Exercise objective: Skipping the images, transcribe each record below as it is.

┄┄┄┄┄┄┄┄┄┄┄┄┄┄┄┄┄┄┄┄

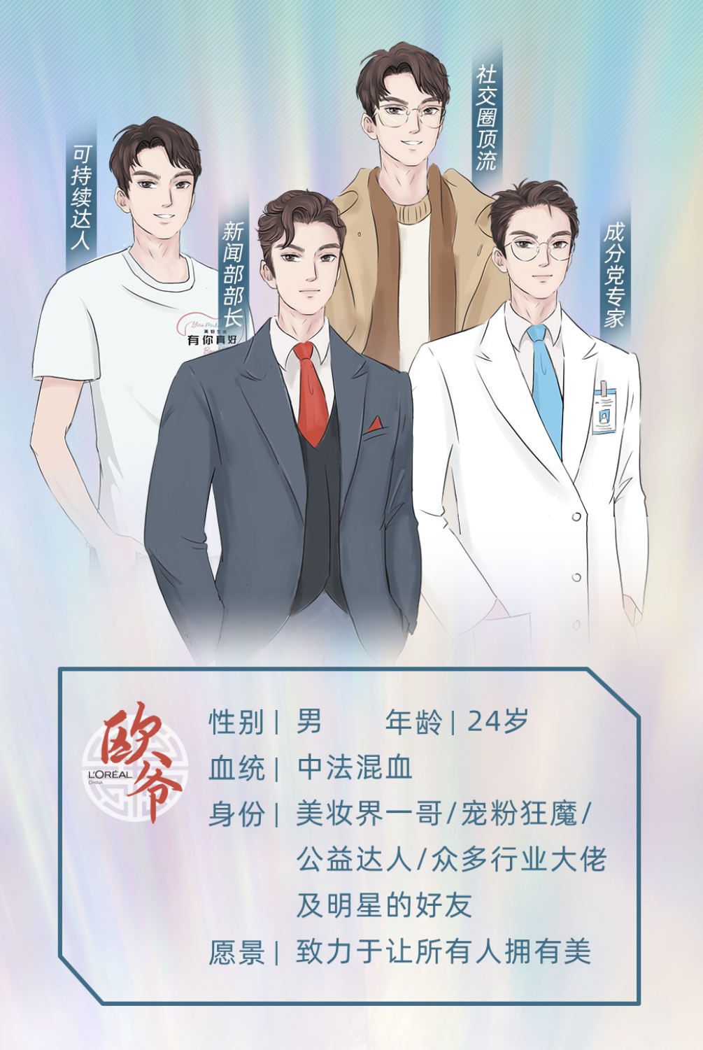 如果没有文字介绍,人们或许不会意识到眼前这四位“拥有中法血统”的二次元人物,会负责欧莱雅集团在中国的新闻发布和社交媒体运营等业务。
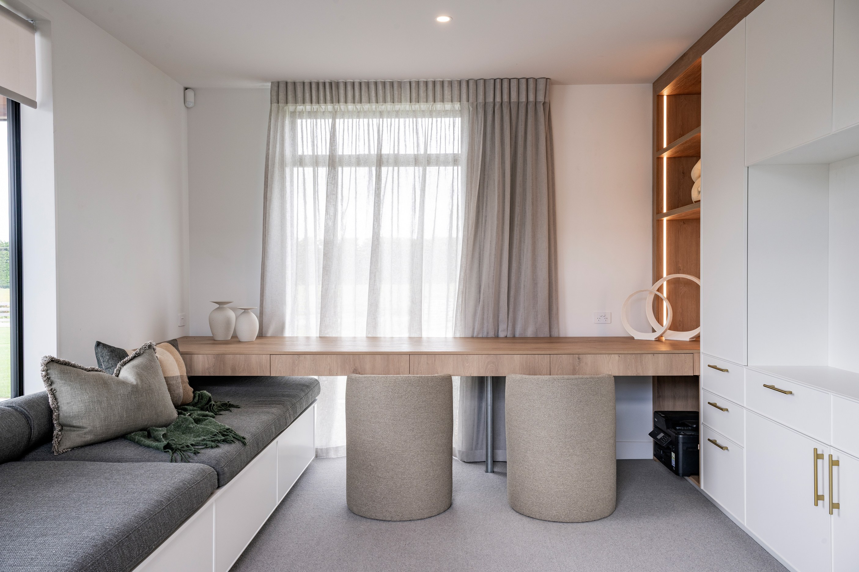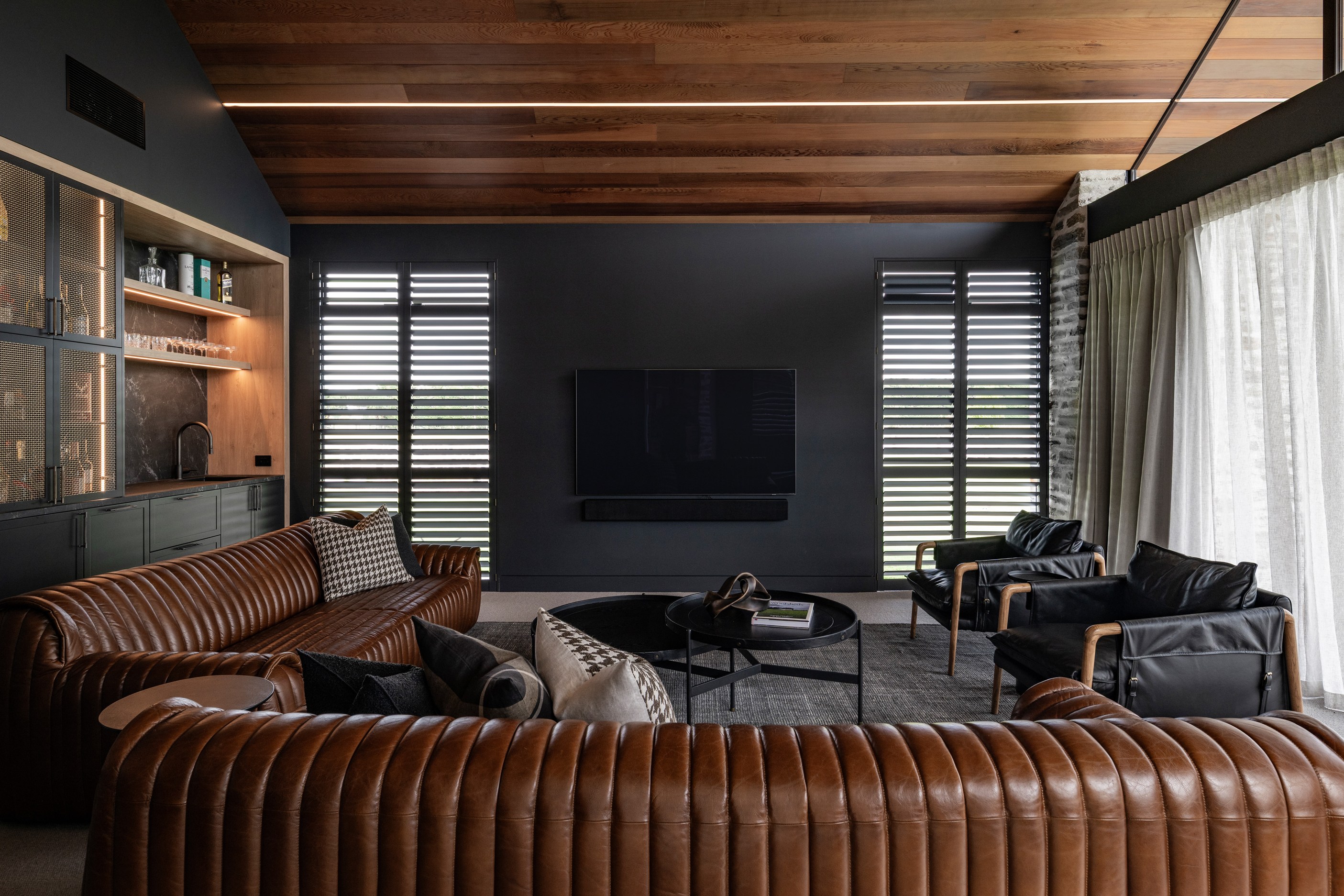 This striking country residence was crafted not only for immediate enjoyment, but also with long-term family living in mind. Thoughtfully designed, the home offers flexibility that will effortlessly adapt as the children grow up. A dedicated rumpus room and a home office exemplify this well-thought-out approach, providing functional spaces for every stage of family life. At 493sqm, this builder’s own home offers generous proportions without ever feeling overwhelming. Thanks to clever planning, refined interior choices and meticulous attention to detail, the five-bedroom property retains a welcoming, homely atmosphere despite its scale. Distinctive features include bagged-schist fireplaces, timber ceilings, designer tiling and custom cabinetry.
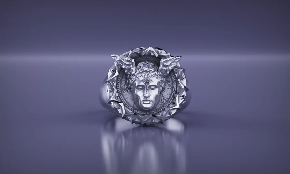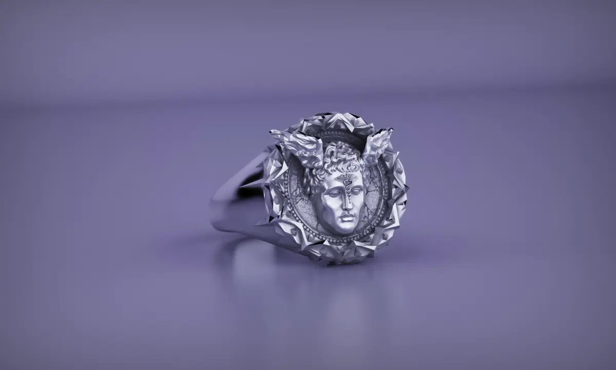 Hermes Signet Ring with comfortable fit and two versions merged and separated 3 parts including the head, border, and the ring so it can be cast into multiple materials and soldered.
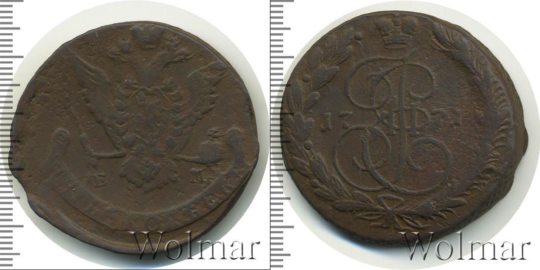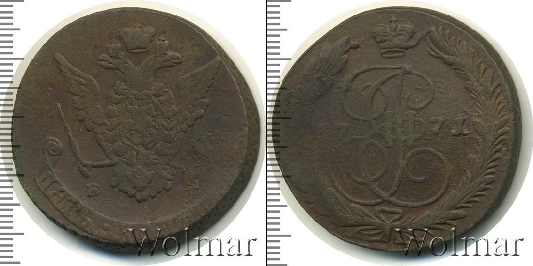Екатеринбургский монетный двор. Биткин №# 661.620а, "орёл образца 1770-1777 гг.", тираж 57 053 400, Уздеников №# 2719. Wolmar # 155/19. 5 копеек ЕМ
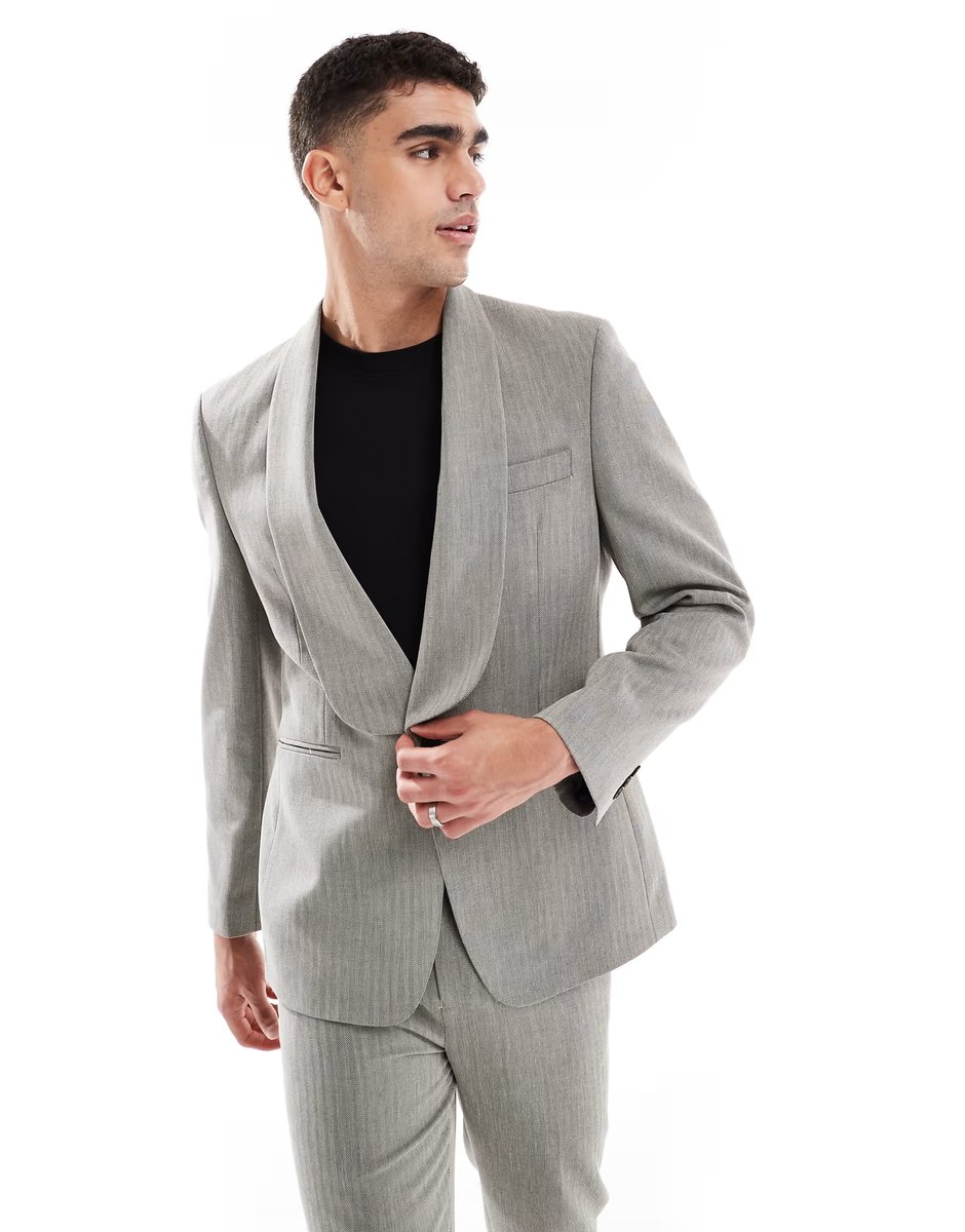 The ASOS DESIGN Grey Linen Shawl Suit Jacket is ideal for business, smart-casual, formal.
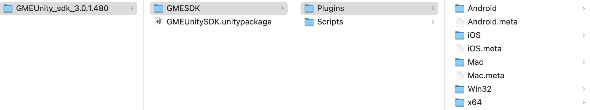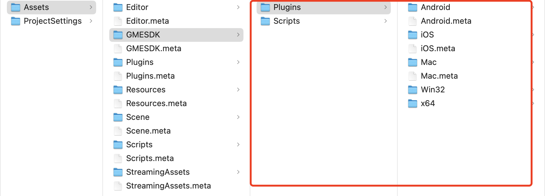 将开发工具包中 GMESDK 文件夹中的文件复制在 Unity 工程 > Assets文件夹中,如图所示。
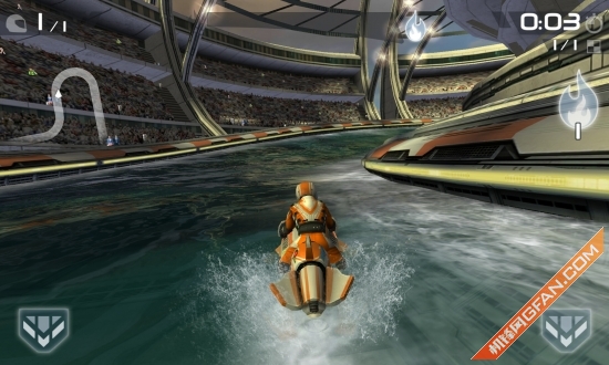 激流快艇2是Android平台上的第一款水上摩托快艇比赛游戏,其设计原型来自于XBOX360上的Hydro Thunder Hurricane(飓风迅雷赛艇)。这款游戏具有逼真的水的物理特性,比如实时光反射和浪花等,以及华丽的高分辨率的快艇和环境。
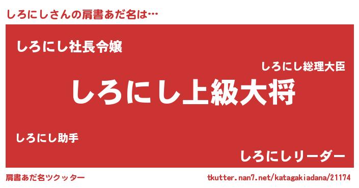 | 胡散臭い通販商品みたいなあだ名 | 『億万長者になれる霊験あらたかなお札…その名も「しろにし」』 |
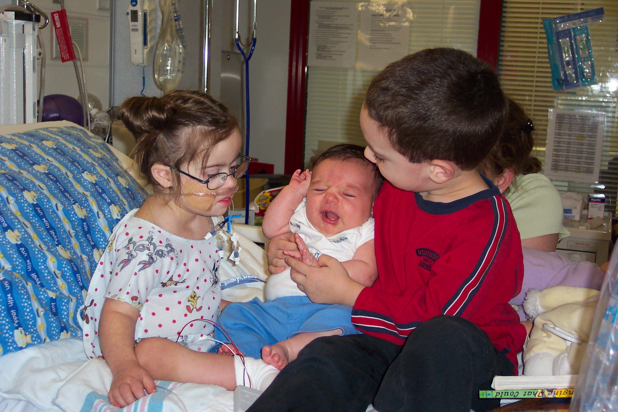 Two years later, Julianna was in the P-ICU again. They never indicated that she was in danger this time, although they didn’t pretend that pneumonia was no big deal, either. For several days of that hospital stay, the room next door was occupied by an infant—all but newborn. For the first three days I never saw a parent in the room. I never asked, because I knew the staff couldn’t tell me anything, but the only things that stopped me from begging to go in and hold that baby were 1) I already had a baby living with me in the P-ICU, and 2) my daughter was gravely ill, and I didn’t want to pass it on.
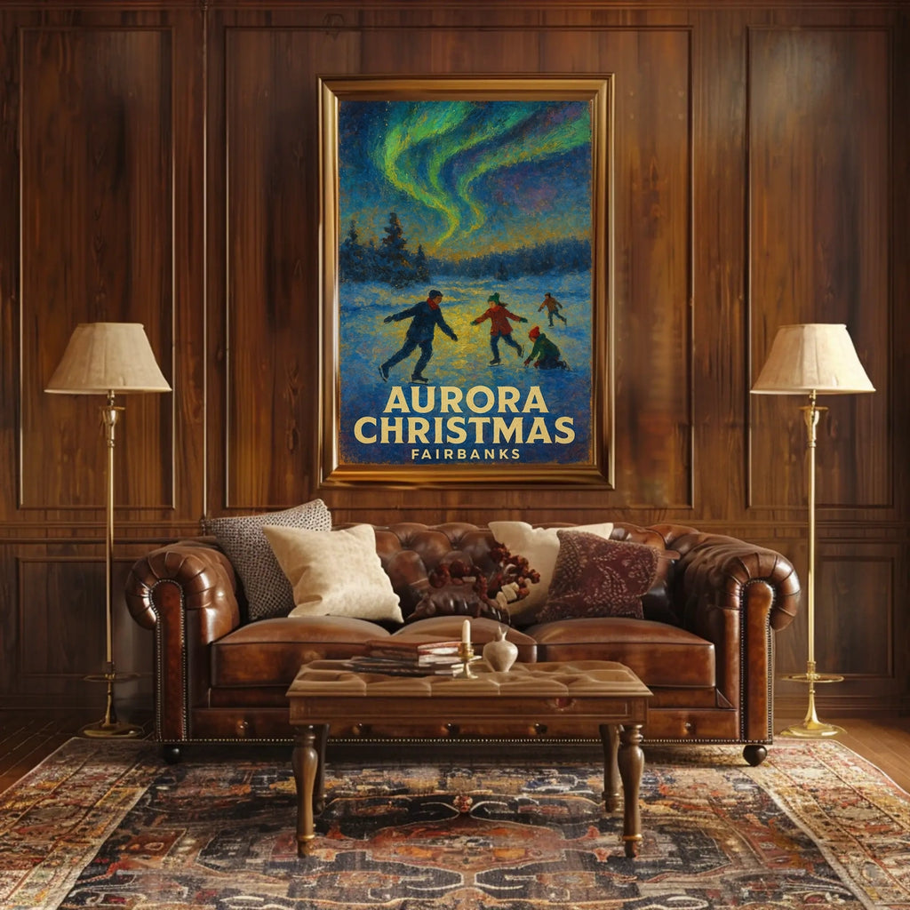 Aurora Christmas in Fairbanks Poster — celebrate the magic of the northern lights over a tranquil winter landscape with this timeless wall art. Designed for decor lovers and wanderlust spirits, this art print adds charm to any room with visuals inspired by real-world scenery.

┄┄┄┄┄┄┄┄┄┄┄┄┄┄┄┄┄┄┄┄

Answer area:
 如果没有文字介绍,人们或许不会意识到眼前这四位“拥有中法血统”的二次元人物,会负责欧莱雅集团在中国的新闻发布和社交媒体运营等业务。
 This striking country residence was crafted not only for immediate enjoyment, but also with long-term family living in mind. Thoughtfully designed, the home offers flexibility that will effortlessly adapt as the children grow up. A dedicated rumpus room and a home office exemplify this well-thought-out approach, providing functional spaces for every stage of family life. At 493sqm, this builder’s own home offers generous proportions without ever feeling overwhelming. Thanks to clever planning, refined interior choices and meticulous attention to detail, the five-bedroom property retains a welcoming, homely atmosphere despite its scale. Distinctive features include bagged-schist fireplaces, timber ceilings, designer tiling and custom cabinetry.
 Hermes Signet Ring with comfortable fit and two versions merged and separated 3 parts including the head, border, and the ring so it can be cast into multiple materials and soldered.
Екатеринбургский монетный двор. Биткин №# 661.620а, "орёл образца 1770-1777 гг.", тираж 57 053 400, Уздеников №# 2719. Wolmar # 155/19. 5 копеек ЕМ
 The ASOS DESIGN Grey Linen Shawl Suit Jacket is ideal for business, smart-casual, formal.
 将开发工具包中 GMESDK 文件夹中的文件复制在 Unity 工程 > Assets文件夹中,如图所示。
 激流快艇2是Android平台上的第一款水上摩托快艇比赛游戏,其设计原型来自于XBOX360上的Hydro Thunder Hurricane(飓风迅雷赛艇)。这款游戏具有逼真的水的物理特性,比如实时光反射和浪花等,以及华丽的高分辨率的快艇和环境。
 | 胡散臭い通販商品みたいなあだ名 | 『億万長者になれる霊験あらたかなお札…その名も「しろにし」』 |
 Two years later, Julianna was in the P-ICU again. They never indicated that she was in danger this time, although they didn’t pretend that pneumonia was no big deal, either. For several days of that hospital stay, the room next door was occupied by an infant—all but newborn. For the first three days I never saw a parent in the room. I never asked, because I knew the staff couldn’t tell me anything, but the only things that stopped me from begging to go in and hold that baby were 1) I already had a baby living with me in the P-ICU, and 2) my daughter was gravely ill, and I didn’t want to pass it on.
 Aurora Christmas in Fairbanks Poster — celebrate the magic of the northern lights over a tranquil winter landscape with this timeless wall art. Designed for decor lovers and wanderlust spirits, this art print adds charm to any room with visuals inspired by real-world scenery.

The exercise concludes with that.